(Data excerpts)
========
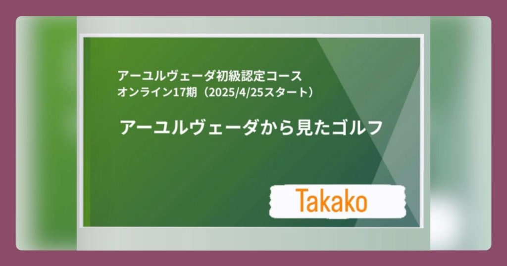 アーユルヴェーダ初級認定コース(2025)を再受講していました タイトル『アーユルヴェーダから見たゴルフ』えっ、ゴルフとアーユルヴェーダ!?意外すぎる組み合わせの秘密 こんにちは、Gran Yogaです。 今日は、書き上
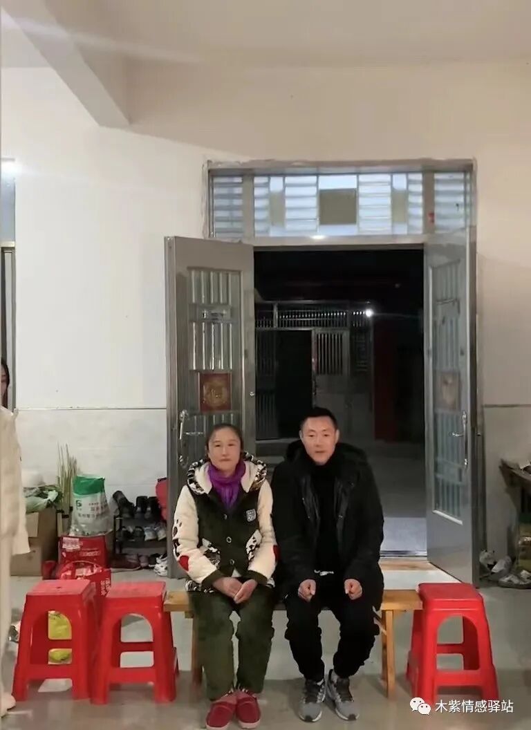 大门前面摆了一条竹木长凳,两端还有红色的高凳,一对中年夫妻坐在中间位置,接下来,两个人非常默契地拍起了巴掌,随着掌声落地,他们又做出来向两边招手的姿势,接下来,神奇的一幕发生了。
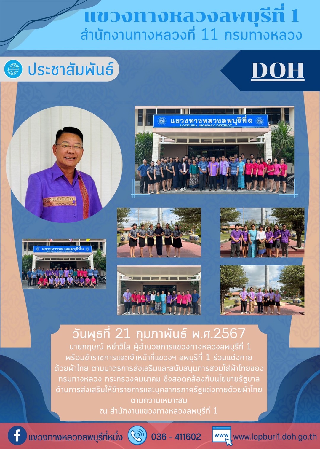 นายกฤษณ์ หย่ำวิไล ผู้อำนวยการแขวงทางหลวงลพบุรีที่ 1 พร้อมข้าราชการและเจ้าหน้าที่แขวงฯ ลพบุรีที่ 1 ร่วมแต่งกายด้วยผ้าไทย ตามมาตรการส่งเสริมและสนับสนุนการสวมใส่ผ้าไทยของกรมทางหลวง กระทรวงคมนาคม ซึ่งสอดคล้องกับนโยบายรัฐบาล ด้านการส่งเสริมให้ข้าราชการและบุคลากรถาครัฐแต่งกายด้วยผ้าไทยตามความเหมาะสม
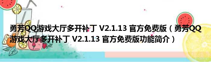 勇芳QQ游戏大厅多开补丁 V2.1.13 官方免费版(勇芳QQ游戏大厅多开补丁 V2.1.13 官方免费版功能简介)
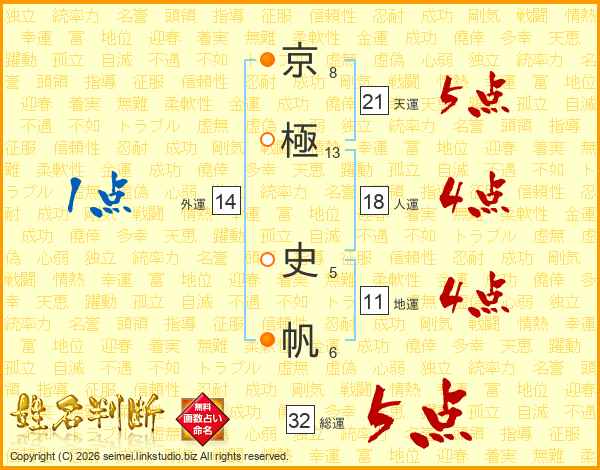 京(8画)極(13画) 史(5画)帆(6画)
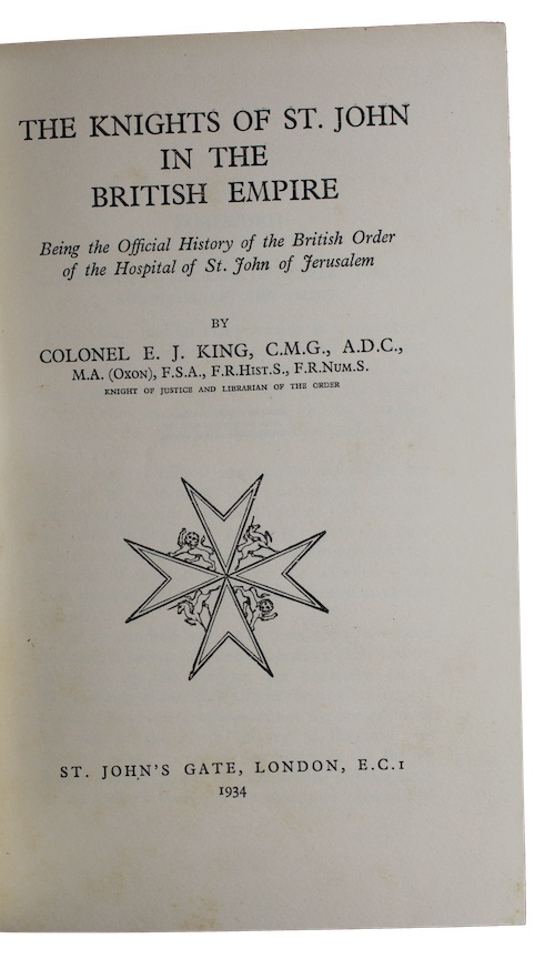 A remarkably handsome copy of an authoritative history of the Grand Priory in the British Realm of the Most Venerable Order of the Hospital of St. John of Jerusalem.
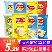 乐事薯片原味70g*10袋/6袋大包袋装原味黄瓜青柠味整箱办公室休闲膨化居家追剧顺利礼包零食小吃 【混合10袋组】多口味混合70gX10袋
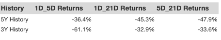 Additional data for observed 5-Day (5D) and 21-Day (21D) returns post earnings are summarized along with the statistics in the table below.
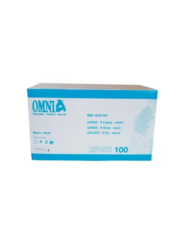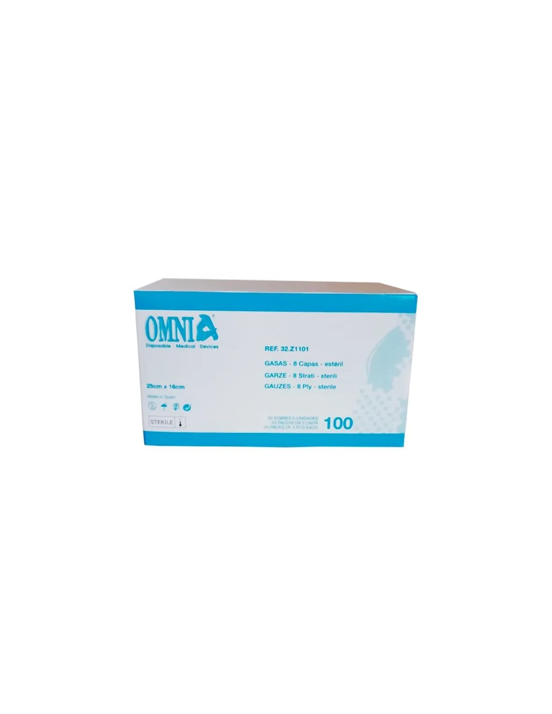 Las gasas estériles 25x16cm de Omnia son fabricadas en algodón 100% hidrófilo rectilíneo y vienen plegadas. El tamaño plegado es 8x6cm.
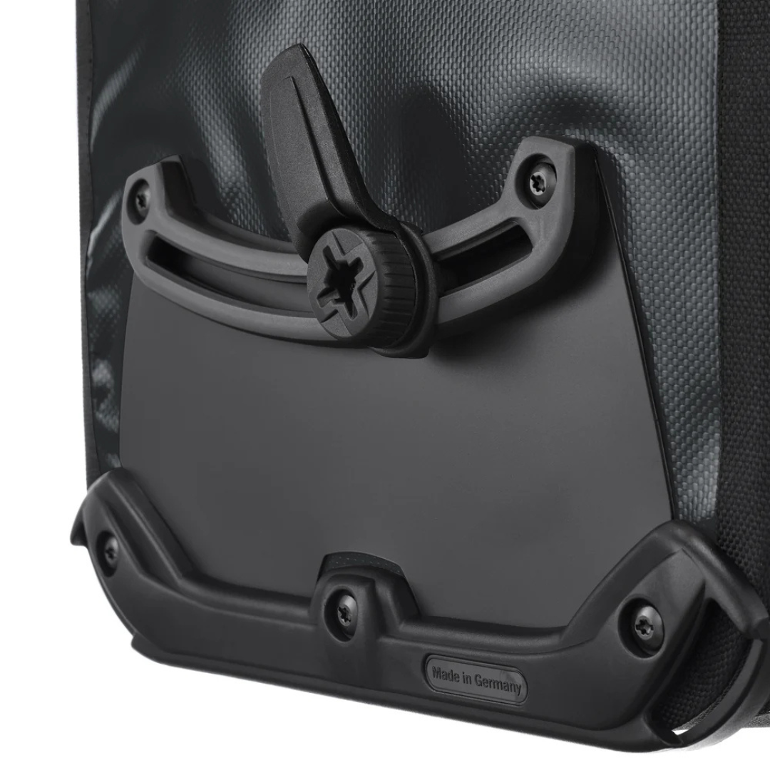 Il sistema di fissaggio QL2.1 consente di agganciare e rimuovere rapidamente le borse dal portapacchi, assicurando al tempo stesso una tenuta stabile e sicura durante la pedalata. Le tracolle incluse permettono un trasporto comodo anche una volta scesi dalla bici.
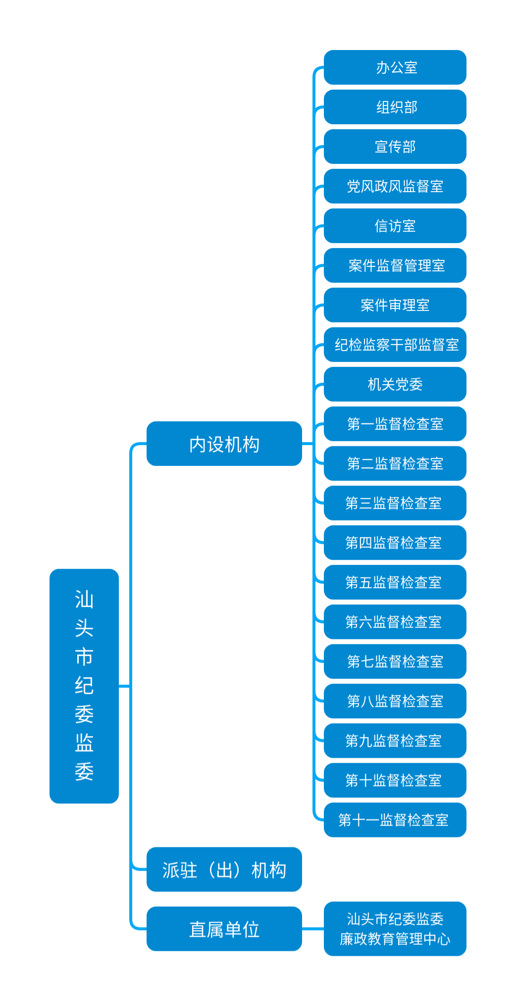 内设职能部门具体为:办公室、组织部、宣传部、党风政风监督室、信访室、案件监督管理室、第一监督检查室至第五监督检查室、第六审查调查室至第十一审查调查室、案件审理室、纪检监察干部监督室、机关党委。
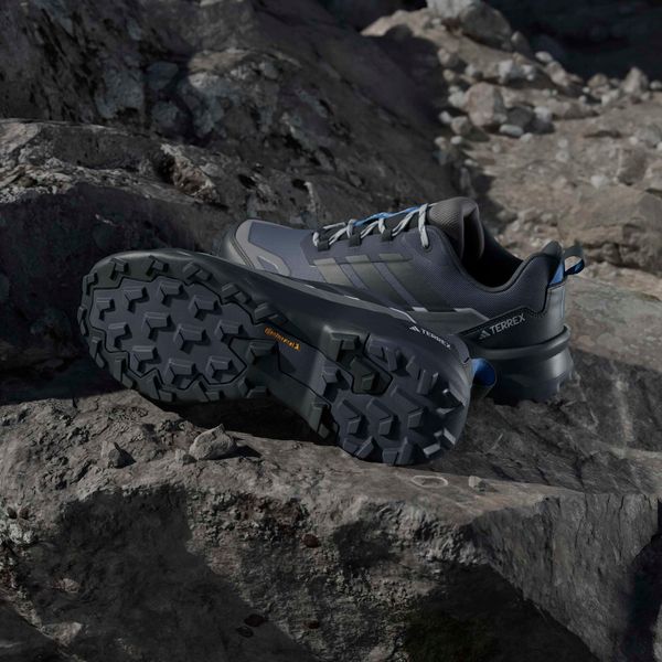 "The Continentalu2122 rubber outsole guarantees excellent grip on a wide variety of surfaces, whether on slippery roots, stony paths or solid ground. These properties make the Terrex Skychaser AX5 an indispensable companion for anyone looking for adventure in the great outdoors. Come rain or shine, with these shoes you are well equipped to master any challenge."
========
§ **Problem to solve**: Copy all the entries word for word. Omit any pictures.

§ **Exercise answer**:
 アーユルヴェーダ初級認定コース(2025)を再受講していました タイトル『アーユルヴェーダから見たゴルフ』えっ、ゴルフとアーユルヴェーダ!?意外すぎる組み合わせの秘密 こんにちは、Gran Yogaです。 今日は、書き上
 大门前面摆了一条竹木长凳,两端还有红色的高凳,一对中年夫妻坐在中间位置,接下来,两个人非常默契地拍起了巴掌,随着掌声落地,他们又做出来向两边招手的姿势,接下来,神奇的一幕发生了。
 นายกฤษณ์ หย่ำวิไล ผู้อำนวยการแขวงทางหลวงลพบุรีที่ 1 พร้อมข้าราชการและเจ้าหน้าที่แขวงฯ ลพบุรีที่ 1 ร่วมแต่งกายด้วยผ้าไทย ตามมาตรการส่งเสริมและสนับสนุนการสวมใส่ผ้าไทยของกรมทางหลวง กระทรวงคมนาคม ซึ่งสอดคล้องกับนโยบายรัฐบาล ด้านการส่งเสริมให้ข้าราชการและบุคลากรถาครัฐแต่งกายด้วยผ้าไทยตามความเหมาะสม
 勇芳QQ游戏大厅多开补丁 V2.1.13 官方免费版(勇芳QQ游戏大厅多开补丁 V2.1.13 官方免费版功能简介)
 京(8画)極(13画) 史(5画)帆(6画)
 A remarkably handsome copy of an authoritative history of the Grand Priory in the British Realm of the Most Venerable Order of the Hospital of St. John of Jerusalem.
 乐事薯片原味70g*10袋/6袋大包袋装原味黄瓜青柠味整箱办公室休闲膨化居家追剧顺利礼包零食小吃 【混合10袋组】多口味混合70gX10袋
 Additional data for observed 5-Day (5D) and 21-Day (21D) returns post earnings are summarized along with the statistics in the table below.
 Las gasas estériles 25x16cm de Omnia son fabricadas en algodón 100% hidrófilo rectilíneo y vienen plegadas. El tamaño plegado es 8x6cm.
 Il sistema di fissaggio QL2.1 consente di agganciare e rimuovere rapidamente le borse dal portapacchi, assicurando al tempo stesso una tenuta stabile e sicura durante la pedalata. Le tracolle incluse permettono un trasporto comodo anche una volta scesi dalla bici.
 内设职能部门具体为:办公室、组织部、宣传部、党风政风监督室、信访室、案件监督管理室、第一监督检查室至第五监督检查室、第六审查调查室至第十一审查调查室、案件审理室、纪检监察干部监督室、机关党委。
 "The Continentalu2122 rubber outsole guarantees excellent grip on a wide variety of surfaces, whether on slippery roots, stony paths or solid ground. These properties make the Terrex Skychaser AX5 an indispensable companion for anyone looking for adventure in the great outdoors. Come rain or shine, with these shoes you are well equipped to master any challenge."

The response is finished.